■ Problem to work on:
Once you reach the line with "Presentación de los nuevos trajes" below, copy each line exactly, stopping after the line with "Tartinijev trg", and skip any pictures.

■ The records:
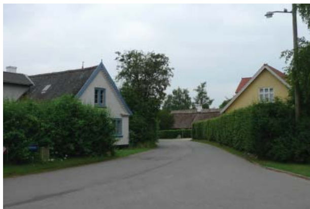
Den slyngede landsbygade samler bebyggelsen, som præges af en ensartethed i proportioner og en varieret og afvekslende placering i forhold til vejen.

Landsbyen præges især af den slyngede bygade, som giver mange fine og varierede kig, og med kirken som det naturlige fikspunkt. Landsbyen er opbygget i to klumper mod øst og vest, med et åbent stykke midtpå, hvor byens gamle smedje ligger. Det åbne stykke sikrer fine kig til de dyrkede marker omkring byen.
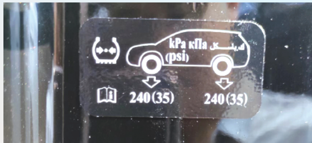
汽车上的推荐胎压标识
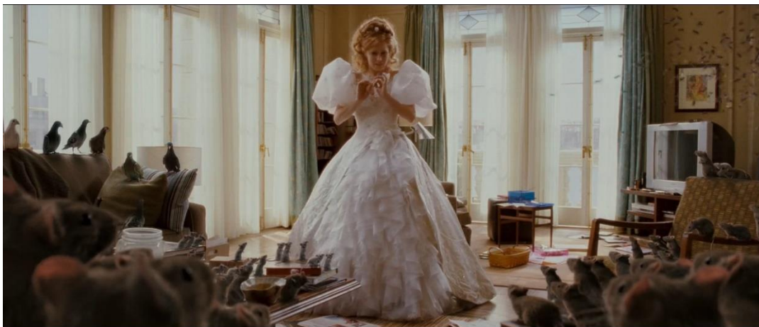
Slika 1. Gisellini pomoćnici za čišćenje

Treći klišej je taj da princeza svojim pjevanjem može dozvati životinje koje su u njevoj blizini. Životinje koje dođu princezi uglavnom su izgledom nježne i mekane - zečiči, srne, miševi i golubovi. U Začaranoj , kada Giselle želi dozvati pomoćnike pjevanjem u pomoć joj dođu ne zečiči ili miševi, nego štakori, muhe, gradski golubovi i žohari. Giselle je malo isprva iznenađena, no sva bića njeni su prijatelji, pa tako i 'štetočine' New Yorka. Uz njihovu pomoć uspijeva očistiti cijeli stan, no Robert i Morgan nisu toliko oduševljeni kada vide tko im čisti njihov dom.
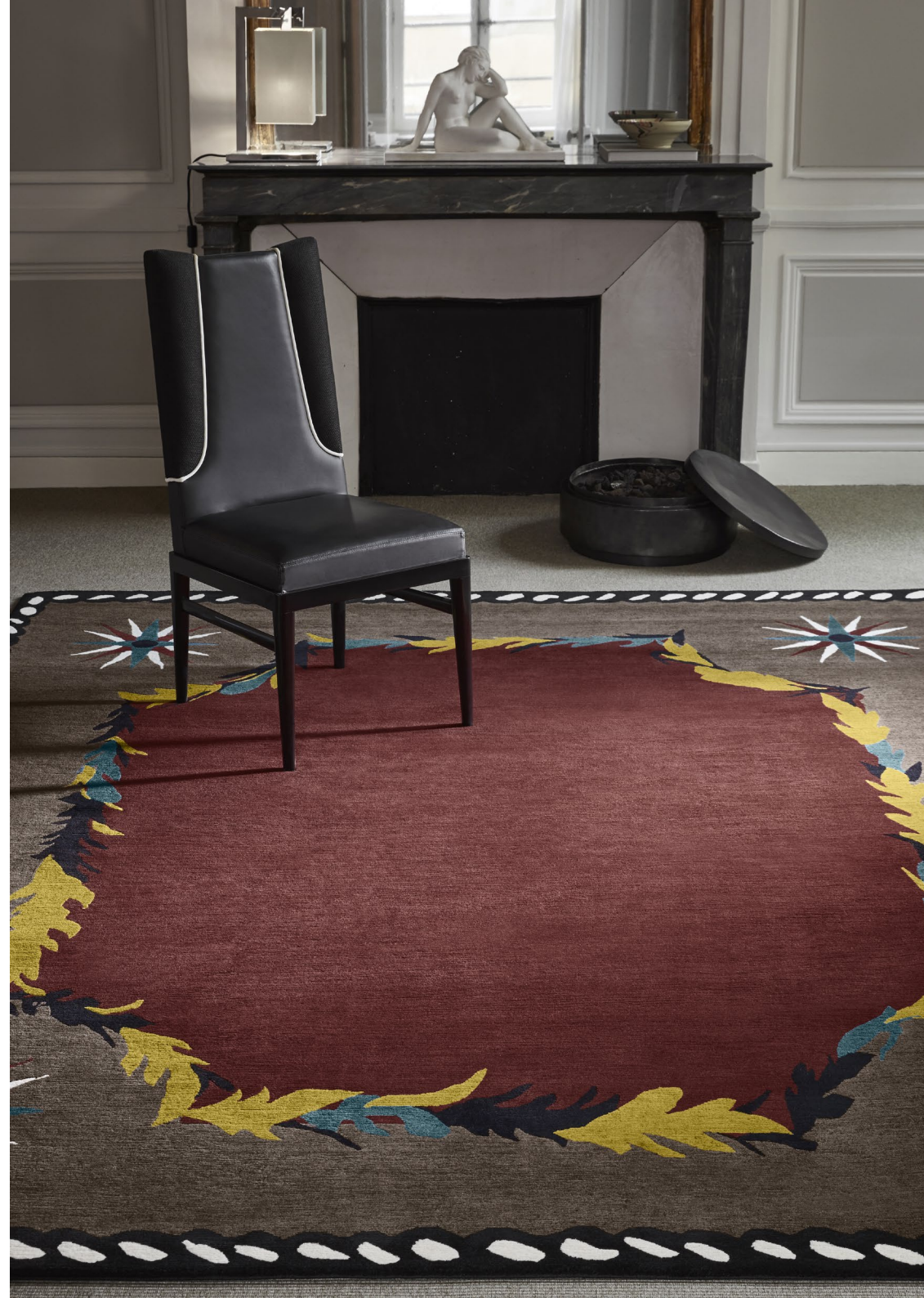
Nossi-bé Almandin Laine / Wool
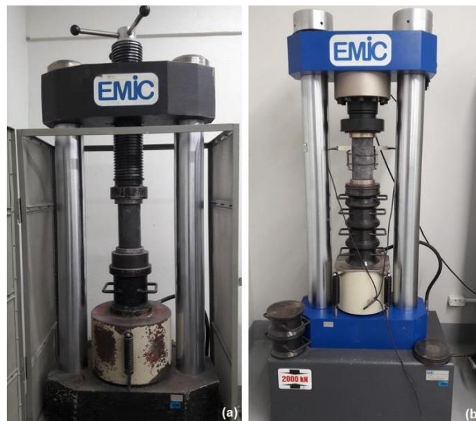
Figura 4: Equipamentos utilizados para os ensaios.

Os equipamentos utilizados para os ensaios de testes de compressão axial foi à prensa hidráulica da marca EMIC, modelo PC200I (Figura 4a). Já para os para os ensaios do módulo de elasticidade, foi utilizada à prensa hidráulica da marca EMIC modelo PC200CS, com capacidade máxima de 200 toneladas (Figura 4b). As duas prensas são acopladas a um computador com software TESC - Test Script, para obtenção dos resultados.
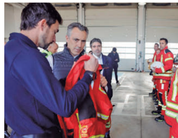
Presentación de los nuevos trajes

Otra de las características de los nuevos equipamientos es la optimización en la ergonomía, que permite a los trabajadores realizar movimientos completos ofreciéndoles una mayor comodidad. Asimismo, responden a la normativa de alta visibilidad para trabajos en la vía pública y cuentan con las certificaciones térmica y mecánica ac-
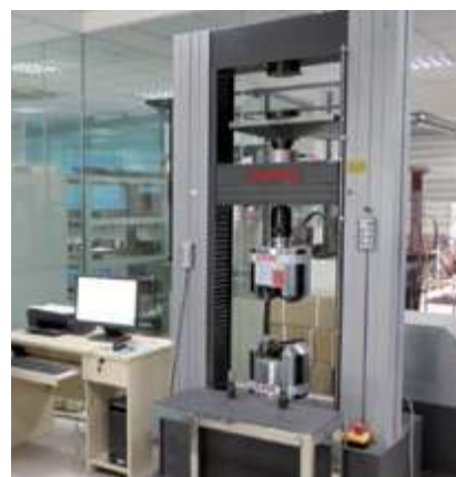
Микрокомпьютерная универсальная испытательная машина
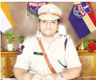
భయభ్రాంతులకు గురిచేసే చర్యలకు పాల్పడేవారైతే కఠిన చర్యలు తీసుకుంటామని హెచ్చరించారు.

అవసరానికి మించి ఇంధనం నిల్వ చేసుకోవద్దని సూచించారు. అలా చేయడం వల్ల ఇతరులకు ఇబ్బందులు కలుగుతాయని హెచ్చరించారు. సోషల్ మీడియాలో ప్రచారం అవుతున్న అసత్య సమాచారం, వదంతులను నమ్మువద్దని, నిర్ధారణ చేయని సమాచారాన్ని ఆశీర్వాదించే పనిమీదందం ద్వారా గందరగోళం సృష్టించవద్దని ప్రజలకు విజ్ఞప్తి చేశారు. సాధారణ అవసరాల మేరకే ఇంధనాన్ని వినియోగించుకోవాలని, ఎలాంటి భయాం దోళనలకు గురికావద్దని కోరారు. జిల్లాలో శాంతిభద్రతలను కాపాడేందుకు పోలీసులు ఎల్లప్పుడూ ఆప్రమత్తంగా ఉన్నారని తెలిపారు. వదంతులు వ్యాప్తి చేసేవారెవరైతే, ప్రజలను భయభ్రాంతులకు గురిచేసే చర్యలకు పాల్పడేవారైతే కఠిన చర్యలపై అసహనం వ్యక్తం చేశారు.
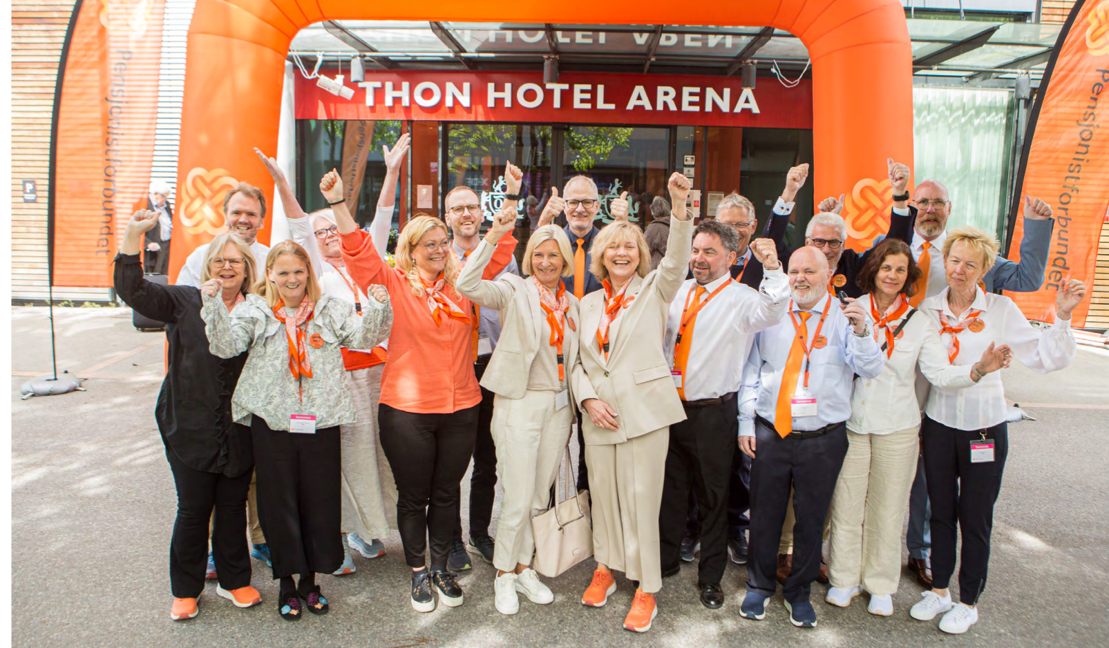
De ansatte i administrasjonen er klare til innsats!
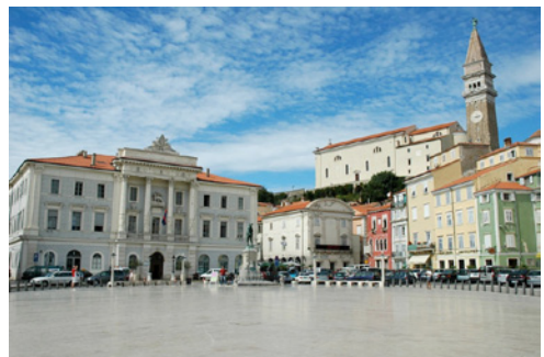
Tartinijev trg

Nad mestom se vzpenja mogočna cerkev sv. Jurija z zvonikom, ki posnema zvonik Markove cerkve v Benetkah. Na osrednjem trgu si bo mogoče ogledati dobro ohranjene ostanke mestnega obzidja, občinsko palačo, mestno ložo, znamenito Benečanko, Tartinijevo hišo in gledališče, sodno palačo, na sredi stoji Tartinijev spomenik, posvečen najpomembnejšemu piranskemu rojaku.
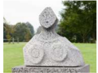
松永真氏作品画像

今年もミッドタウン・ガーデンに、稲田みかげ石を使用した、日本を代表するグラフィックデザイナー団体 JAGDA と石工技術者のコラボレーション作品を多数展示します。デザイナーの感性と匠の技をお楽しみください。 ※稲田みかげ石とは、茨城県笠間市稲田地区一帯を産出地とし最高裁判所、国会議事堂等多くの有名建造物に使われている石の最高級ブランドです。
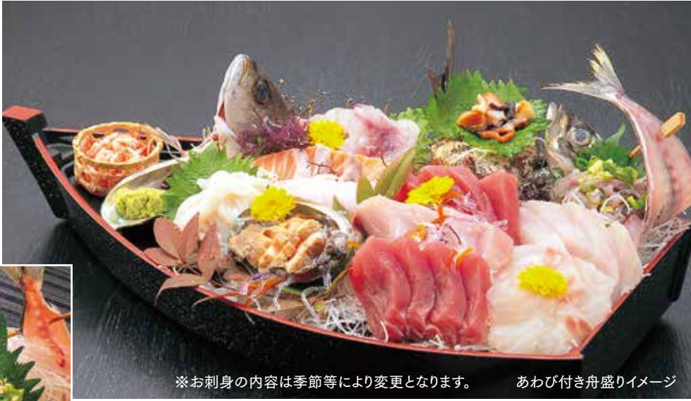
※お刺身の内容は季節等により変更となります。 あわび付き舟盛りイメージ
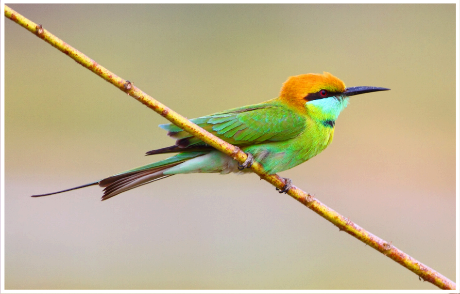
นกจาบคาเล็ก : Green Bee-eater : Meropus orientalis
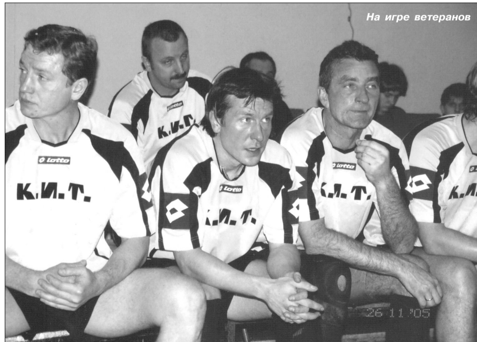
На игре ветеранов

- Вы хорошо выбирали позицию, умело играли на втором этаже. Большинство мячей забивали ногой или головой?
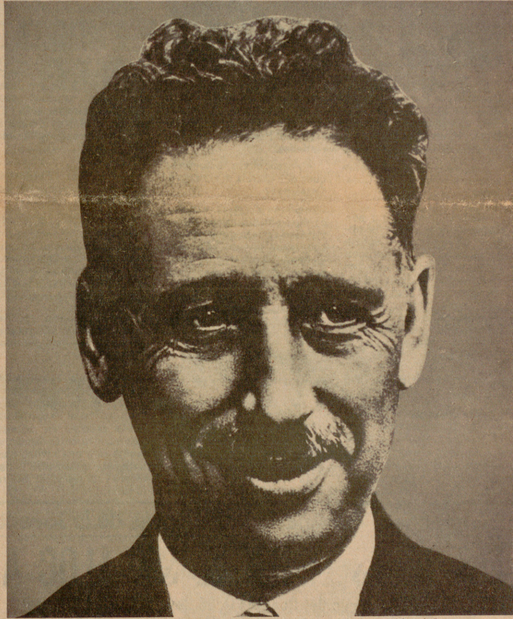
Lluís Companys, el President màrtir, afusellat pel feixisme a Montjuïc.

■ Task answer:
Presentación de los nuevos trajes

Otra de las características de los nuevos equipamientos es la optimización en la ergonomía, que permite a los trabajadores realizar movimientos completos ofreciéndoles una mayor comodidad. Asimismo, responden a la normativa de alta visibilidad para trabajos en la vía pública y cuentan con las certificaciones térmica y mecánica ac-
Микрокомпьютерная универсальная испытательная машина
భయభ్రాంతులకు గురిచేసే చర్యలకు పాల్పడేవారైతే కఠిన చర్యలు తీసుకుంటామని హెచ్చరించారు.

అవసరానికి మించి ఇంధనం నిల్వ చేసుకోవద్దని సూచించారు. అలా చేయడం వల్ల ఇతరులకు ఇబ్బందులు కలుగుతాయని హెచ్చరించారు. సోషల్ మీడియాలో ప్రచారం అవుతున్న అసత్య సమాచారం, వదంతులను నమ్మువద్దని, నిర్ధారణ చేయని సమాచారాన్ని ఆశీర్వాదించే పనిమీదందం ద్వారా గందరగోళం సృష్టించవద్దని ప్రజలకు విజ్ఞప్తి చేశారు. సాధారణ అవసరాల మేరకే ఇంధనాన్ని వినియోగించుకోవాలని, ఎలాంటి భయాం దోళనలకు గురికావద్దని కోరారు. జిల్లాలో శాంతిభద్రతలను కాపాడేందుకు పోలీసులు ఎల్లప్పుడూ ఆప్రమత్తంగా ఉన్నారని తెలిపారు. వదంతులు వ్యాప్తి చేసేవారెవరైతే, ప్రజలను భయభ్రాంతులకు గురిచేసే చర్యలకు పాల్పడేవారైతే కఠిన చర్యలపై అసహనం వ్యక్తం చేశారు.
De ansatte i administrasjonen er klare til innsats!
Tartinijev trg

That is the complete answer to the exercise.